:: DATA RECORDS

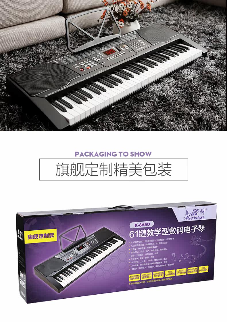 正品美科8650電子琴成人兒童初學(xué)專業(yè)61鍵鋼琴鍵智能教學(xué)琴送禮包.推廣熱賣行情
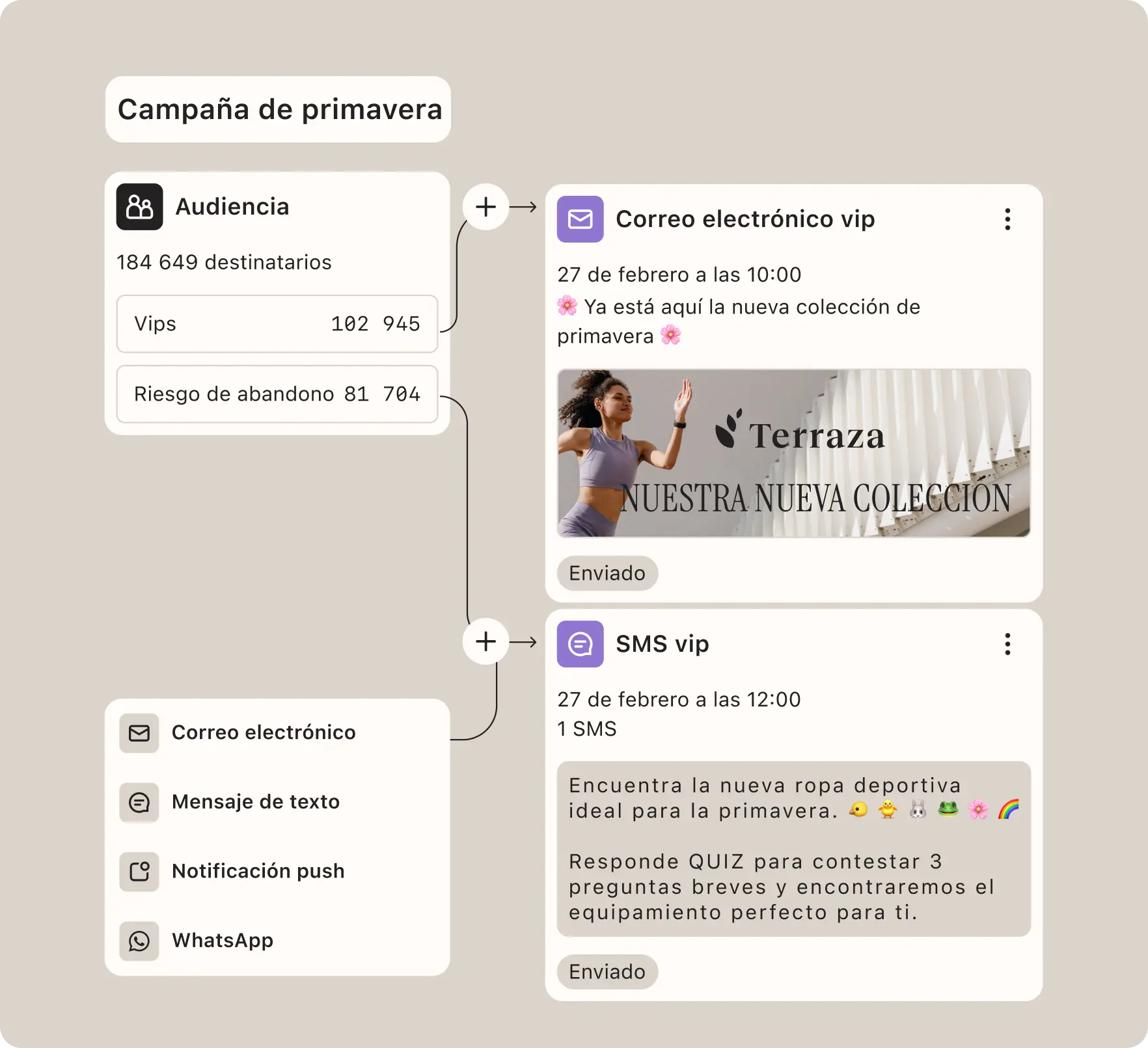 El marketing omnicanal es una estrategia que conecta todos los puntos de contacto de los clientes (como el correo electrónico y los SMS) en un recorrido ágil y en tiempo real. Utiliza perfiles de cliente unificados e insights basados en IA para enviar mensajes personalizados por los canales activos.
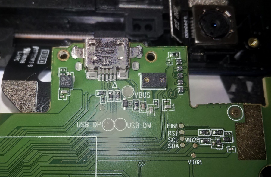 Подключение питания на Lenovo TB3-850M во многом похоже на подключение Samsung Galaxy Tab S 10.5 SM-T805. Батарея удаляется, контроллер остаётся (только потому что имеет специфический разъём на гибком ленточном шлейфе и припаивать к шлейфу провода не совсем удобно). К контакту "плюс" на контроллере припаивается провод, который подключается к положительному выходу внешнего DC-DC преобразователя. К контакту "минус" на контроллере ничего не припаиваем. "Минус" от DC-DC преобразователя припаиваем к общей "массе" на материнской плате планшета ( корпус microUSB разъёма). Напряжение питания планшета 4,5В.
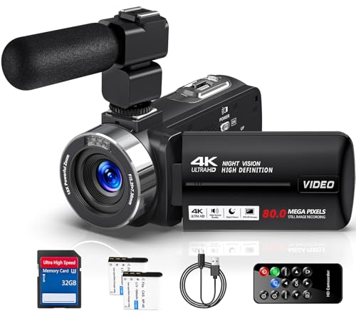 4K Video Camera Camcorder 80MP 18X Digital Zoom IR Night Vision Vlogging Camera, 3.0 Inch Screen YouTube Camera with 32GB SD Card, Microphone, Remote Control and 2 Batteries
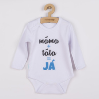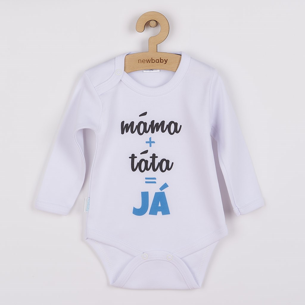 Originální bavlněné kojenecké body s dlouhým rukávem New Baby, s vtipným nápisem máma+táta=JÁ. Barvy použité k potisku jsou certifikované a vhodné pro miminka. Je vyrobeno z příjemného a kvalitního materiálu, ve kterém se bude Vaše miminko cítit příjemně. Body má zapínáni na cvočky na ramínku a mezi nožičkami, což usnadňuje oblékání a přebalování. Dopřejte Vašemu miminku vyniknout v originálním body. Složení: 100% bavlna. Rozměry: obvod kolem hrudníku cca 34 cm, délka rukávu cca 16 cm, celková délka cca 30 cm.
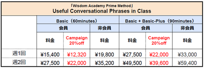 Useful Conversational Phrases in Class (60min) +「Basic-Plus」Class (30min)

::::

→ **WHAT THIS TASK INVOLVES**
Quote, word for word and nothing more, every line from the line with "4K Video Camera" to the end of the entries, including both ends; skip any pictures.

→ **WORKED SOLUTION**
 4K Video Camera Camcorder 80MP 18X Digital Zoom IR Night Vision Vlogging Camera, 3.0 Inch Screen YouTube Camera with 32GB SD Card, Microphone, Remote Control and 2 Batteries
 Originální bavlněné kojenecké body s dlouhým rukávem New Baby, s vtipným nápisem máma+táta=JÁ. Barvy použité k potisku jsou certifikované a vhodné pro miminka. Je vyrobeno z příjemného a kvalitního materiálu, ve kterém se bude Vaše miminko cítit příjemně. Body má zapínáni na cvočky na ramínku a mezi nožičkami, což usnadňuje oblékání a přebalování. Dopřejte Vašemu miminku vyniknout v originálním body. Složení: 100% bavlna. Rozměry: obvod kolem hrudníku cca 34 cm, délka rukávu cca 16 cm, celková délka cca 30 cm.
 Useful Conversational Phrases in Class (60min) +「Basic-Plus」Class (30min)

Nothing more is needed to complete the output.